> INSTRUCTIONS TO FOLLOW: Whatever precedes the line containing "- สิทธิพิเศษที่ลูกค้าได้รับ มอบ" is not copied; that line and every line after it through the final one below are copied exactly, except pictures.

> GIVEN RECORDS:
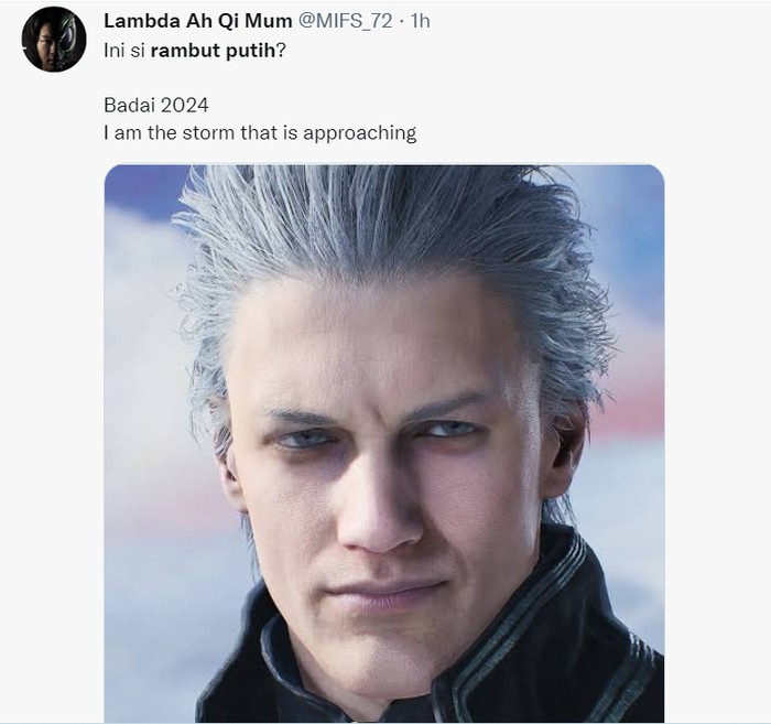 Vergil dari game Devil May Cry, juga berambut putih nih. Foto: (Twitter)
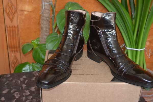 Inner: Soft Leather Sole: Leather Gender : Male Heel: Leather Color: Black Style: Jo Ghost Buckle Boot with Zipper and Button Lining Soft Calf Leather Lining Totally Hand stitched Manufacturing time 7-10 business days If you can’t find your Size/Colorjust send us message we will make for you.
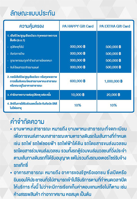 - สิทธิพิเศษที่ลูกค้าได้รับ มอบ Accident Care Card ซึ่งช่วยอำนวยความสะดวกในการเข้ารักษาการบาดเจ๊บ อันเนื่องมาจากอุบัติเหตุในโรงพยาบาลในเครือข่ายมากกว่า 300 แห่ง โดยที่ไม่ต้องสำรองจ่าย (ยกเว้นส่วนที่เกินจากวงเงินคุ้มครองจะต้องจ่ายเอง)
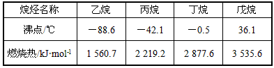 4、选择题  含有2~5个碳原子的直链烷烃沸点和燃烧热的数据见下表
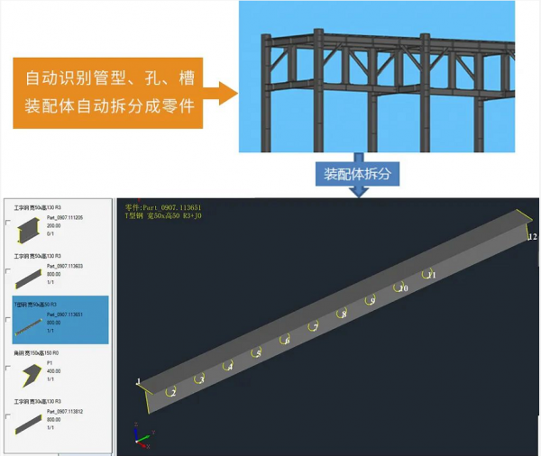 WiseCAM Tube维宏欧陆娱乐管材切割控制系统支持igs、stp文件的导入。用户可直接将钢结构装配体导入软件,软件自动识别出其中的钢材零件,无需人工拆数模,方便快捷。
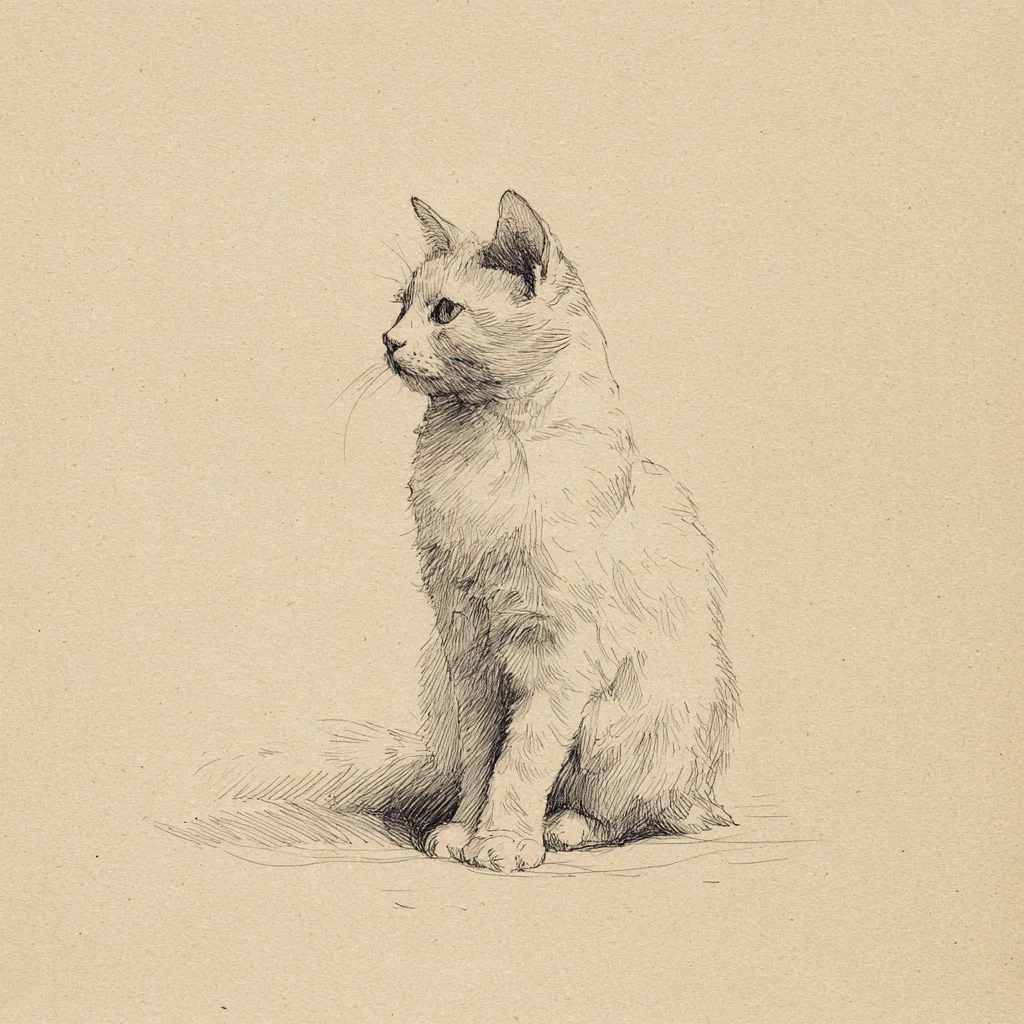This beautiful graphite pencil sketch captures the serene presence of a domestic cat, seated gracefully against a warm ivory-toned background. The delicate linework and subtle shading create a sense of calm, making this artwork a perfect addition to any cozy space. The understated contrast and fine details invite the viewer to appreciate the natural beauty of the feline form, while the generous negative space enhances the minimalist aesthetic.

> TASK RESPONSE:
 - สิทธิพิเศษที่ลูกค้าได้รับ มอบ Accident Care Card ซึ่งช่วยอำนวยความสะดวกในการเข้ารักษาการบาดเจ๊บ อันเนื่องมาจากอุบัติเหตุในโรงพยาบาลในเครือข่ายมากกว่า 300 แห่ง โดยที่ไม่ต้องสำรองจ่าย (ยกเว้นส่วนที่เกินจากวงเงินคุ้มครองจะต้องจ่ายเอง)
 4、选择题  含有2~5个碳原子的直链烷烃沸点和燃烧热的数据见下表
 WiseCAM Tube维宏欧陆娱乐管材切割控制系统支持igs、stp文件的导入。用户可直接将钢结构装配体导入软件,软件自动识别出其中的钢材零件,无需人工拆数模,方便快捷。
This beautiful graphite pencil sketch captures the serene presence of a domestic cat, seated gracefully against a warm ivory-toned background. The delicate linework and subtle shading create a sense of calm, making this artwork a perfect addition to any cozy space. The understated contrast and fine details invite the viewer to appreciate the natural beauty of the feline form, while the generous negative space enhances the minimalist aesthetic.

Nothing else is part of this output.